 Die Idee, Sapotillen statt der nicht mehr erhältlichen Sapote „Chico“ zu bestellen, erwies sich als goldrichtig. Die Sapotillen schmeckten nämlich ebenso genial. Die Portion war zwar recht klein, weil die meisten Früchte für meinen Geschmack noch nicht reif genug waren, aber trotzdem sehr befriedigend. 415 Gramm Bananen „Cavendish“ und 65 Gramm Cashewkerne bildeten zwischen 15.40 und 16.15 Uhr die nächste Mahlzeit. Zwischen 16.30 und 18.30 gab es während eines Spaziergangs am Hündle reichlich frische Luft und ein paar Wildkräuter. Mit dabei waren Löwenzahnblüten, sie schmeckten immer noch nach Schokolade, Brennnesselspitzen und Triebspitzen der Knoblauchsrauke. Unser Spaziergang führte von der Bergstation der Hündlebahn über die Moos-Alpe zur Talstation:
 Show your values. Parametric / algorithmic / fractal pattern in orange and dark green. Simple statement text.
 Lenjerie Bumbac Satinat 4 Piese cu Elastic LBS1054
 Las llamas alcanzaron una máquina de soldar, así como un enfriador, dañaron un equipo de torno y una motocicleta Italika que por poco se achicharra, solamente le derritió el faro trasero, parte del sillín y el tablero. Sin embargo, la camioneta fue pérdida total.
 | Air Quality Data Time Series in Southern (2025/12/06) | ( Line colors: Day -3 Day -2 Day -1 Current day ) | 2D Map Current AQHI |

####

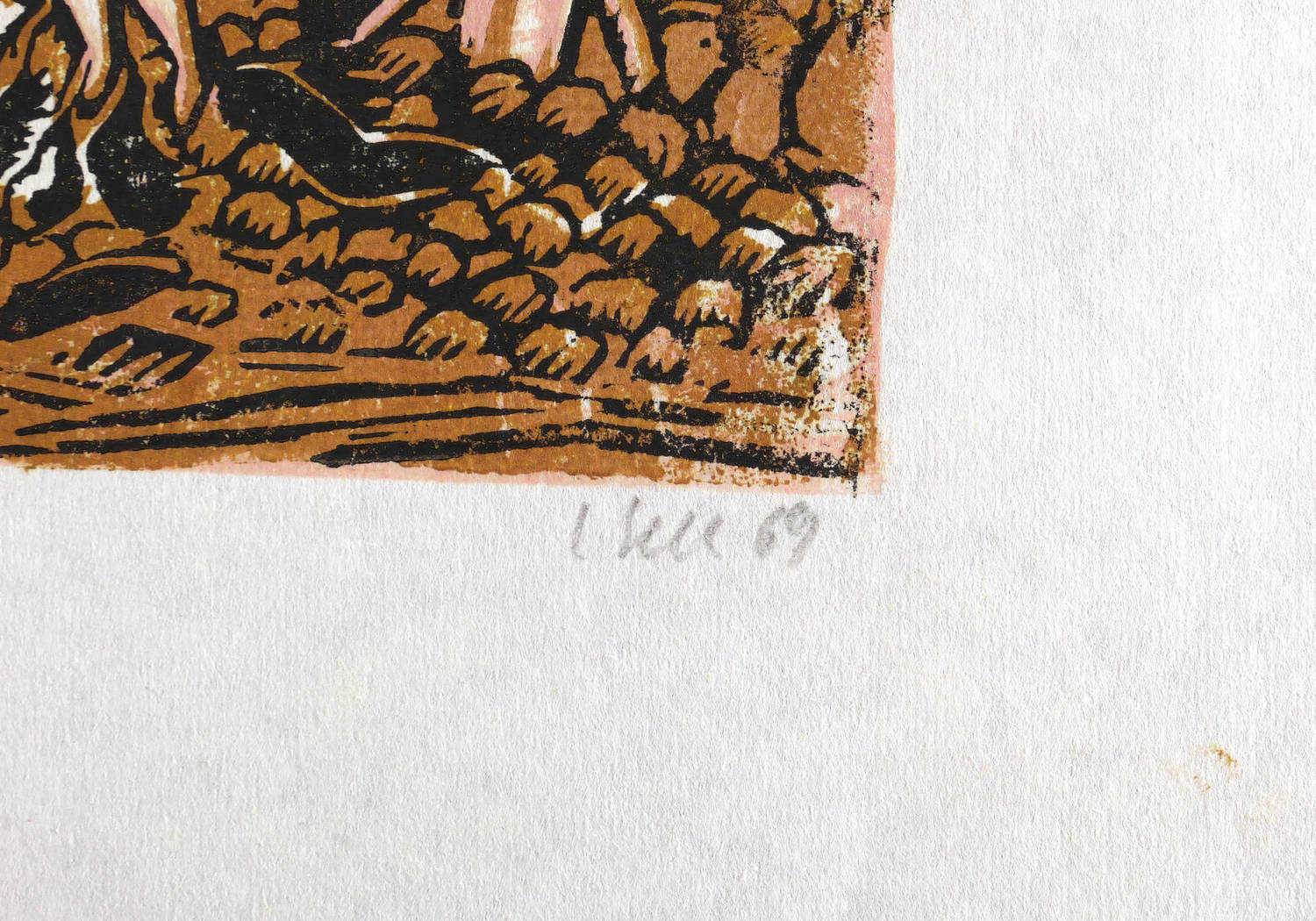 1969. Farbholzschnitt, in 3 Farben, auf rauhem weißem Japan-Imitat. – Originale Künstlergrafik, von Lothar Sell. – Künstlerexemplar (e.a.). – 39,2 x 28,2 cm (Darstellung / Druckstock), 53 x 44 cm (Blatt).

####

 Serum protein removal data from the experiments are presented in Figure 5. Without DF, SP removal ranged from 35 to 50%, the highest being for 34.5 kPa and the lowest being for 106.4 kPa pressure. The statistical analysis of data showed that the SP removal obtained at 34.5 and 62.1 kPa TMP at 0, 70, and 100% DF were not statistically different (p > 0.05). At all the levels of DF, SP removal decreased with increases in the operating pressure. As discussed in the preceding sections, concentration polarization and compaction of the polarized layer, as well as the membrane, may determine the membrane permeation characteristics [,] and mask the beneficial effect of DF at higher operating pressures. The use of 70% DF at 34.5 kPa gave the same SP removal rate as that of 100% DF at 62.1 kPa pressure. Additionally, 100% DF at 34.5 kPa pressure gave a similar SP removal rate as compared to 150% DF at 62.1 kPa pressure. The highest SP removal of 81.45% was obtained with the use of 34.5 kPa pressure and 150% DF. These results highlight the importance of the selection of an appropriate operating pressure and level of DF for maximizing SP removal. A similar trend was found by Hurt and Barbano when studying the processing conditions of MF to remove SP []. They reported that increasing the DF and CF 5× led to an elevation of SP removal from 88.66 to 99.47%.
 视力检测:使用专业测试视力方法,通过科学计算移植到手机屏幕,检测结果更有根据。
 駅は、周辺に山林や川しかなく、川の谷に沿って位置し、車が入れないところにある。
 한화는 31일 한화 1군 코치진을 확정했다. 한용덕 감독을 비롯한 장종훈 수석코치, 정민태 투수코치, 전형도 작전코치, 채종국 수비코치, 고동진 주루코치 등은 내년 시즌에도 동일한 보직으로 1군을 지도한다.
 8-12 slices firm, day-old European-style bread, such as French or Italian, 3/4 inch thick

####

Activity:
Go to the line in the material above that contains "駅は、周辺に山林や川しかなく、川の谷に沿って位置し、車が入れないところにある。" and copy exactly from there through the line that contains "8-12 slices firm, day-old", stopping after it.

Written solution:
 駅は、周辺に山林や川しかなく、川の谷に沿って位置し、車が入れないところにある。
 한화는 31일 한화 1군 코치진을 확정했다. 한용덕 감독을 비롯한 장종훈 수석코치, 정민태 투수코치, 전형도 작전코치, 채종국 수비코치, 고동진 주루코치 등은 내년 시즌에도 동일한 보직으로 1군을 지도한다.
 8-12 slices firm, day-old European-style bread, such as French or Italian, 3/4 inch thick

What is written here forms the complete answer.